## About this exercise
Would you transcribe exactly the lines from the one containing "Charming Jewelers Tungsten" to the last line of the data below, both ends included, but none of the pictures?

## Source data

◆ ◆ ◆ ◆

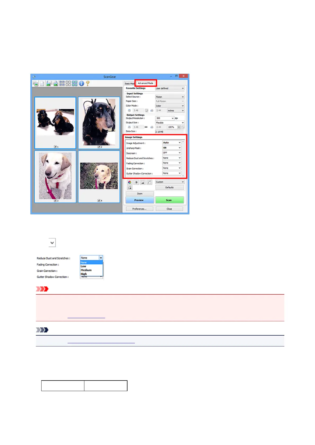 • Refer to "Scanning in Advanced Mode" to start the Advanced Mode tab of ScanGear and scan.
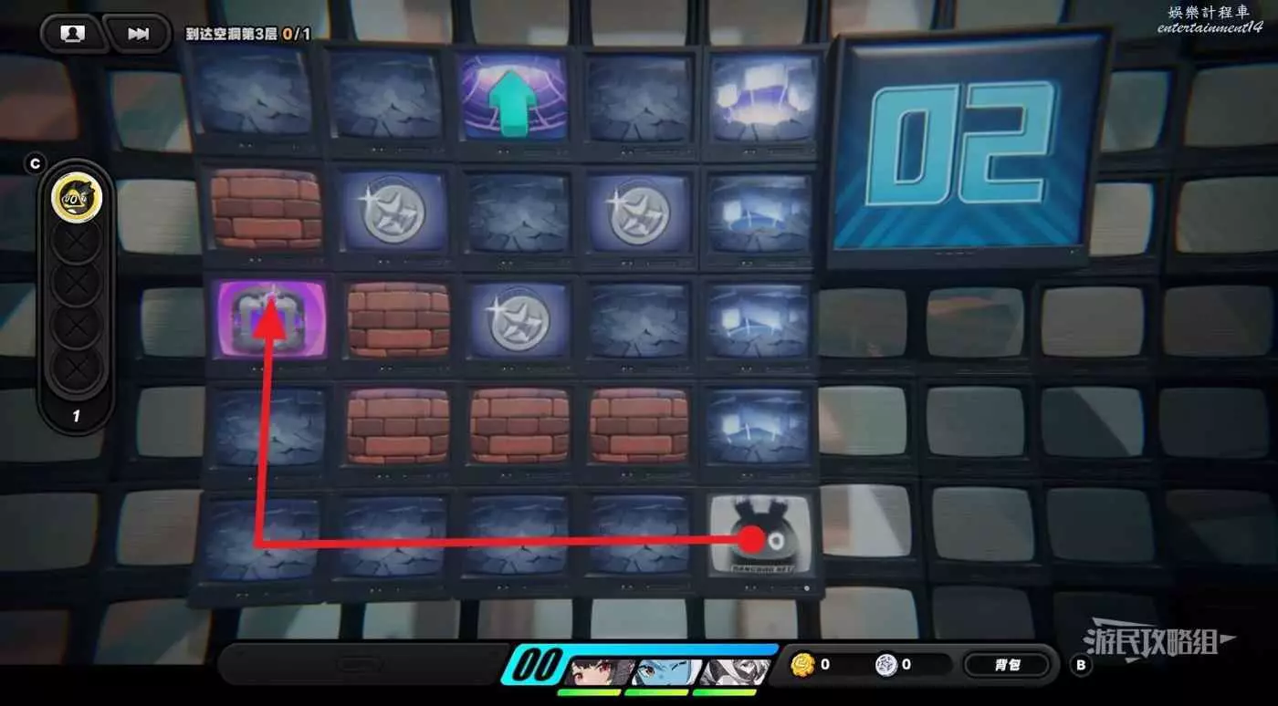 到達第三層後,按照下圖所示路線拾取丁尼,然後進入左上角的裂隙,回到第二層。
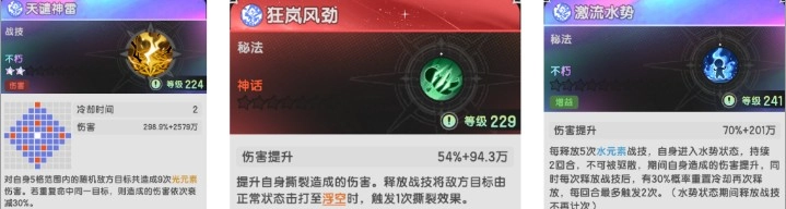 按需选择即可。若追求单体高额伤害,可选择天谴神雷;若优先风系群体伤害,狂岚风劲是不错的选择;若主打水系玩法,建议搭配激流水势(兼具群体伤害与控制效果)。
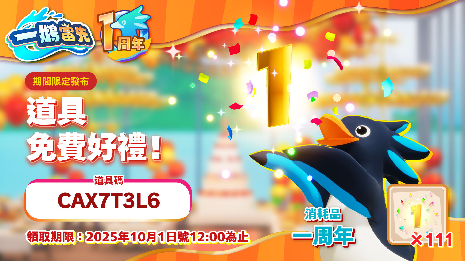 贈送111個可在遊戲內使用的消耗品「一周年」! 任何玩家只要於期間內輸入此道具碼即可領取。請務必換取道具並使用看看!
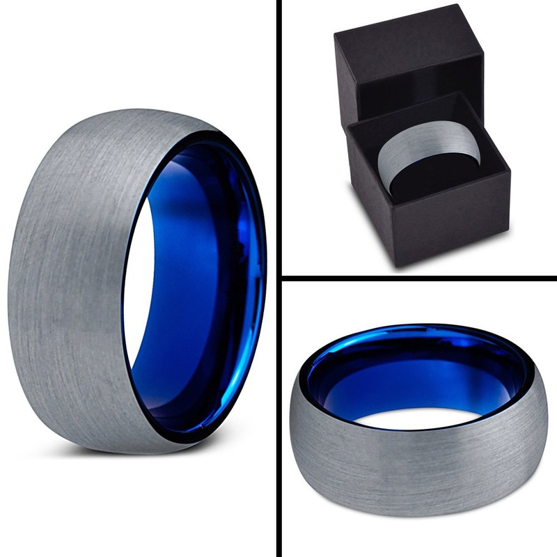 Charming Jewelers Tungsten Wedding Band Ring 8mm for Men Women Comfort Fit Blue Round Domed Brushed Size 11
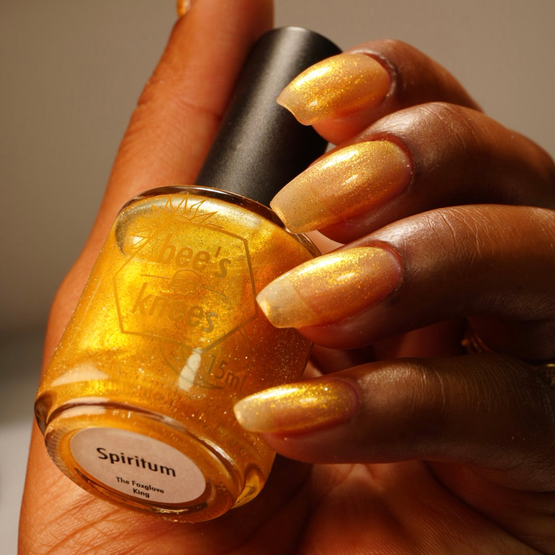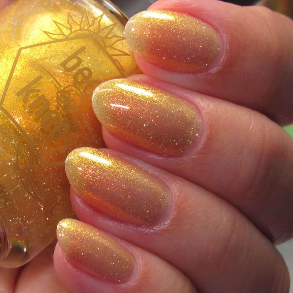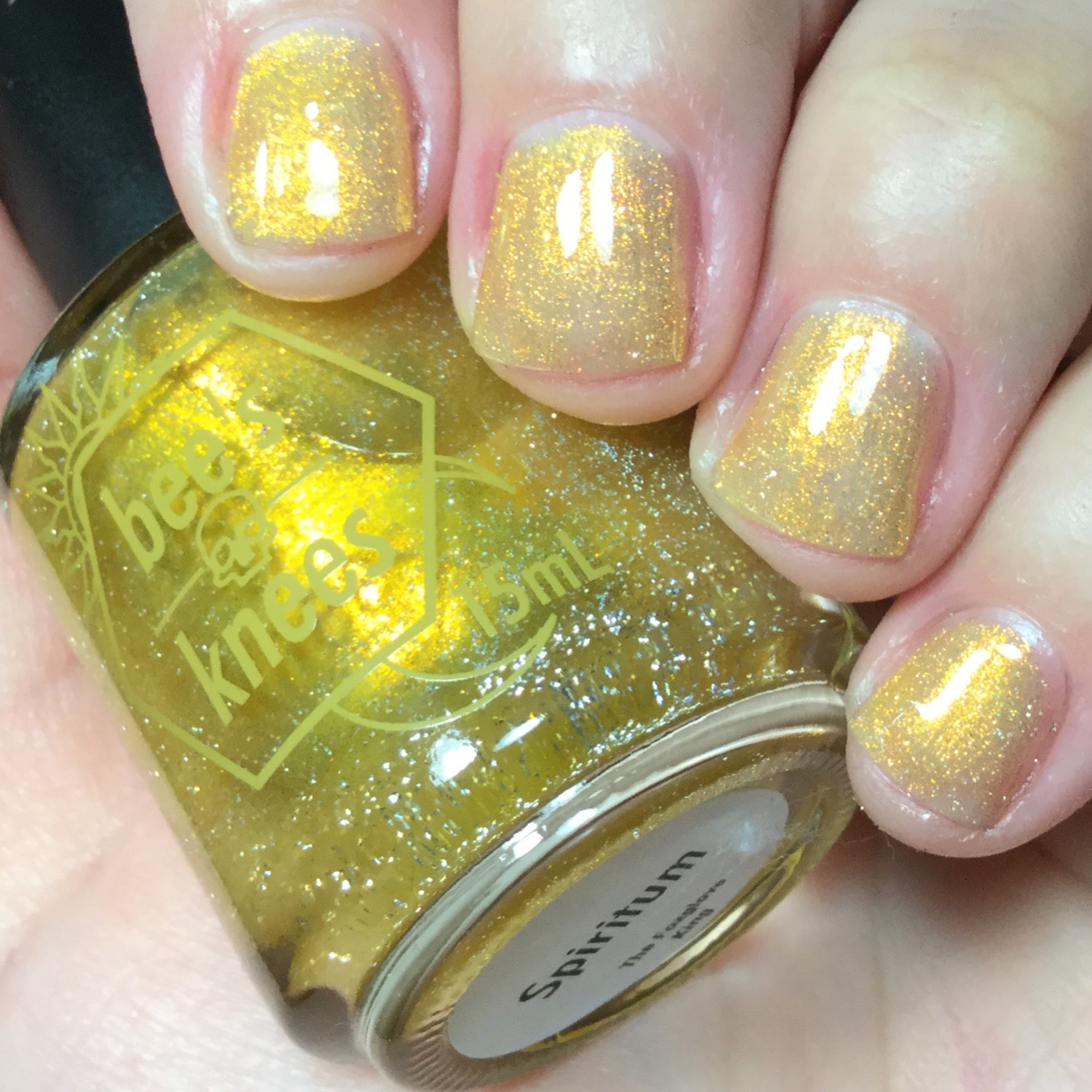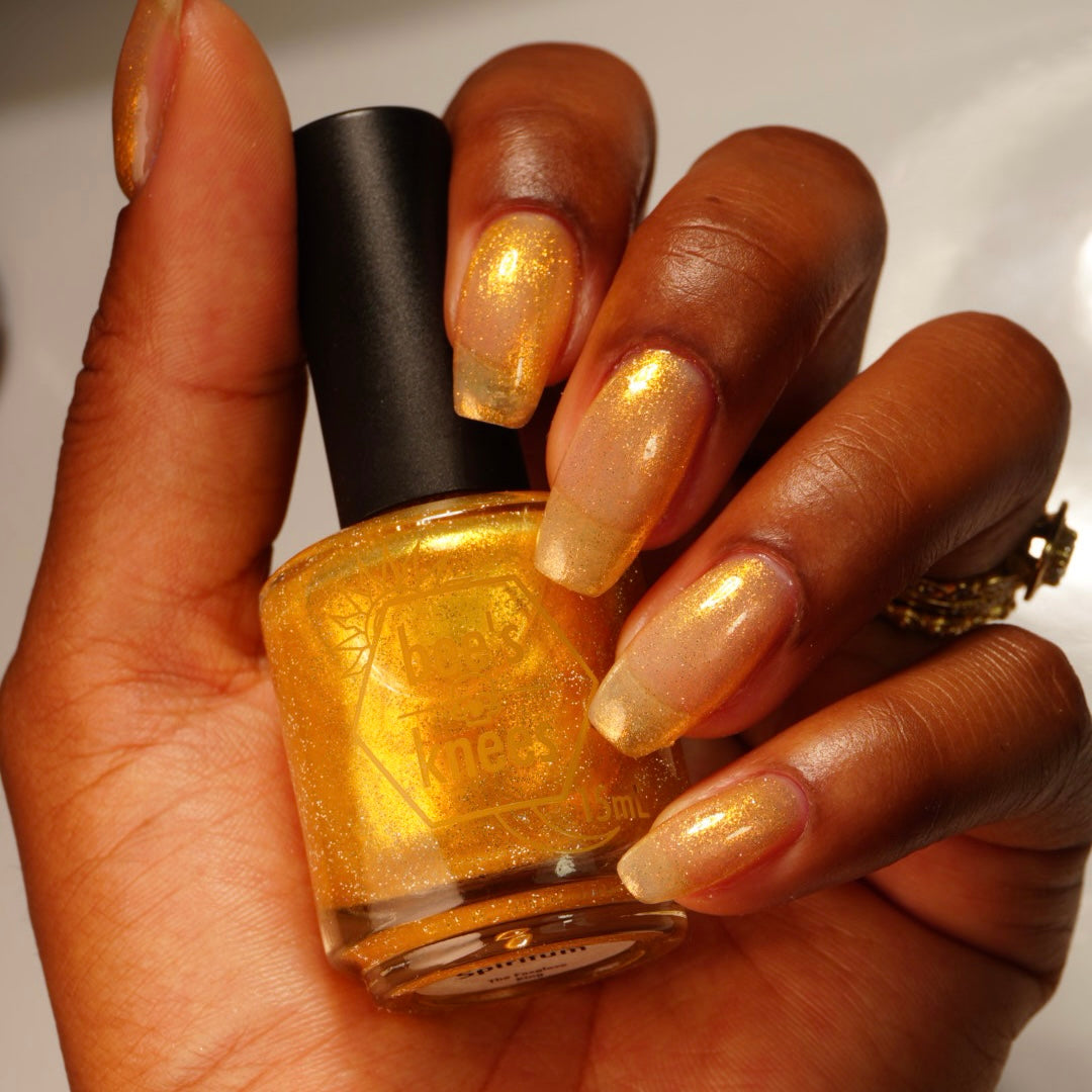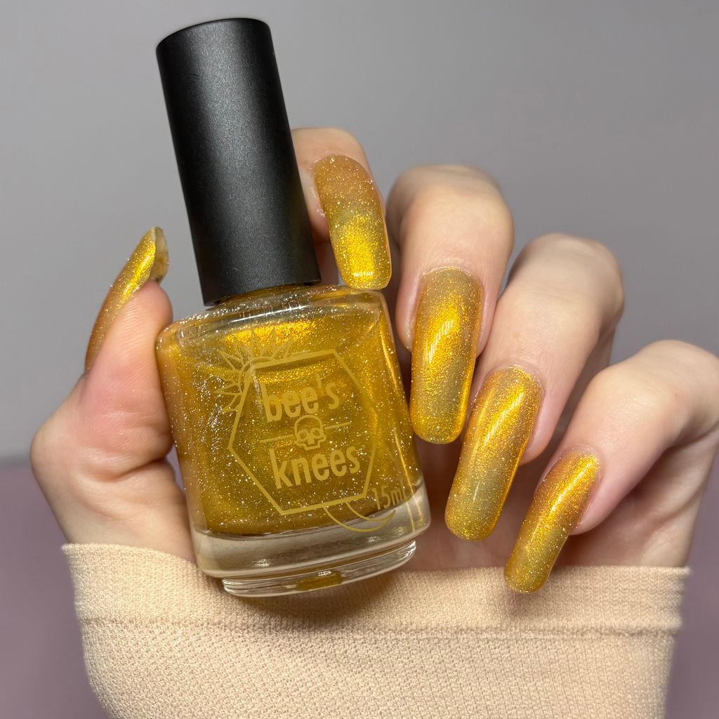 a bright sunny yellow with gold shimmer and a scattering of silver light reflective glitter

◆ ◆ ◆ ◆

## Final answer
 Charming Jewelers Tungsten Wedding Band Ring 8mm for Men Women Comfort Fit Blue Round Domed Brushed Size 11
 a bright sunny yellow with gold shimmer and a scattering of silver light reflective glitter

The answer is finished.